Eleven-year-old Charlotte Nebres has been cast as the lead in New York City Ballet’s production of The Nutcracker.
What We Know:
- Charlotte is a student at the School of American Ballet and was hand-picked to star as Marie, the young girl who dreams of a nutcracker that comes to life.
- This is the production’s first time casting a black dancer in this particular leading role. Charlotte’s mother, who was also a dancer growing up, is from Trinidad and her father’s family is from the Philippines.
- Charlotte remembers being inspired by watching Misty Copeland perform and her becoming the first African-American principal at American Ballet Theater back in 2015. “I saw her perform and she was just so inspiring and so beautiful,” she told the The New York Times. “When I saw someone who looked like me onstage, I thought, that’s amazing. She was representing me and all the people like me.”

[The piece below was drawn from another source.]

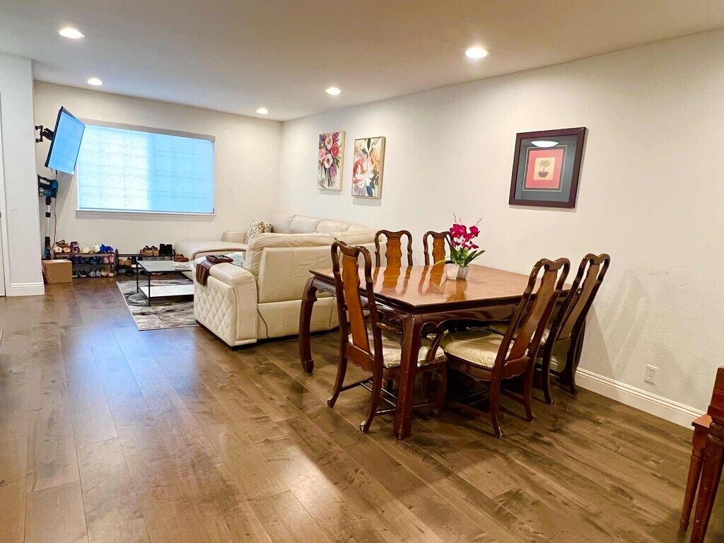- Private suite in a 2-bdrm townhouse shared with a quiet and tidy woman in her 60s who occupies the second suite on the opposite side of the house for excellent privacy. - The suite includes a queen-sized bed, an extra-large closet, and a private bathroom with both shower/tub. - The entire townhouse has been tastefully upgraded, featuring hardwood floor throughout, a lightly furnished bedroom, a fully furnished living room with spacious and comfortable couches and a TV, a formal dining area, breakfast nook, and a modern kitchen. - Kitchen with granite countertops, new cabinetry, electric oven/range, dishwasher, and microwave - Direct access to a charming private backyard from the kitchen - Assigned free covered garage parking along with ample street parking - The townhouse is in a quiet single-family neighborhood and conveniently located for commuting to Santa Clara University, Costco, major tech companies, and various popular restaurants - Shared utilities approximately $50 per month - Security deposit: $1780 - Lease term: 6 months + month-to-month

Charlotte Nebres is the first black Marie, the young heroine of “George Balanchine’s The Nutcracker,” at New York City Ballet. “There might be a little boy or girl in the audience seeing that and saying, hey, I can do that, too.” https://t.co/JoNcYQF3Po
— New York Times Arts (@nytimesarts) December 3, 2019
- In terms of securing the role, Charlotte told the Times, “It is a big deal. But to me, it’s just how I grew up, so it’s not really different to me.”
- Charlotte says she feels free and empowered when she dances and that it makes her happy.
Charlotte joins a production full of diversity this Christmas season, with dancers ranging from half-Chinese, half-Korean, half-Greek and half-South Asian.